Me: Yes, but I’ll settle for one of yours.
[the noise of everyone talking at a party randomly goes silent]
ME: i call hot dogs meat pickles
If you put a drier sheet in your car’s visor, your car will smell fresh for days
[Looks under visor]
Hey wait a minute this is a slice of ham
[rubs lamp]
[genie appears]
genie: you have three—
me: incredible! i can’t believe my luck!
genie: seconds
me: what
genie: two
me: until what
genie (pulling out a gun): one
people who separate your hahahas into ha ha ha, whats going on there
Seal it so to open it, you’ll need just enough force that the contents will explode all over the place.
~inventor of cereal bags probably
Her: I’m leaving you
Me: But i thought we were happy
Her: You’d rather make stuffed animals out of pastries than spend time with me
Me: You leave eclair bear out of this
Ouija doin?
-talkin to my ancestors
I love telling someone to be careful. Because then if they die, that’s on them
7yo: Can I have some candy?
Me: No, not until after dinner.
7yo: Oh. *holds up empty candy wrapper* I accidentally snuck some.

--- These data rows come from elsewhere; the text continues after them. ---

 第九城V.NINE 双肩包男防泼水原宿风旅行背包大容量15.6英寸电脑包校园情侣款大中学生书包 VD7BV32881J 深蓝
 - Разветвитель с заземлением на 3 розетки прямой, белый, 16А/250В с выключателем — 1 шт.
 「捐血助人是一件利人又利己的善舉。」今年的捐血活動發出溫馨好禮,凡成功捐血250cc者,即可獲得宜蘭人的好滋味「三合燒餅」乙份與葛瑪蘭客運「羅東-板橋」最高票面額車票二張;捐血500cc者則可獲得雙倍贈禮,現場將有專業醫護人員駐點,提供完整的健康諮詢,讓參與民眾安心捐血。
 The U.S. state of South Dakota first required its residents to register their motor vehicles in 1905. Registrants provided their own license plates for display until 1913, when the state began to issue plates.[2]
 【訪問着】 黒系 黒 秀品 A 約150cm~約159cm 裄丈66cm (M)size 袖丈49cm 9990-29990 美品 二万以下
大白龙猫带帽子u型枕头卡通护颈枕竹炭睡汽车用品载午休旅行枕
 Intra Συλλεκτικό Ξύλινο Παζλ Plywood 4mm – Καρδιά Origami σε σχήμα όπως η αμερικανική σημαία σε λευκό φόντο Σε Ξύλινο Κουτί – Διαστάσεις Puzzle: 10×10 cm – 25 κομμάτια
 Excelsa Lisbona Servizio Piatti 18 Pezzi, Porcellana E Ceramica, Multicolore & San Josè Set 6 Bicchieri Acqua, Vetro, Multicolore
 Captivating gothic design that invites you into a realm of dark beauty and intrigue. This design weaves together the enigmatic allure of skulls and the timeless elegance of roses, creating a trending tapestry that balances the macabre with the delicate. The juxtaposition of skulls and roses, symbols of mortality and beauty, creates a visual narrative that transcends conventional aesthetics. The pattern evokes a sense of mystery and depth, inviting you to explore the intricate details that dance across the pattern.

Yoga Instructor: and finally we move into downward-facing dog.
Me: you forgot updog.
Yoga Instructor: what’s up-
Wife: -NOOOO!
Sometimes I wonder if cannibals see hot tubs as broth for people soup.
INTERVIEWER: On average, how often do you miss work?
ME: *sweating profusely* NO ONE SAID THERE’D BE MATH
Wait, so hallways in mental institutions aren’t called psychopaths? Well they should be.
A lot of people don’t realize that Shania Twain’s father, Mark, was actually a pretty good writer.
Me: “When’s your birthday”
Him: “here you go with that zodiac sign stuff”Actually I just wanna check the court websites
The first few months of a baby’s life are crucial and so it’s important that they see mom or dad playing Mario Kart.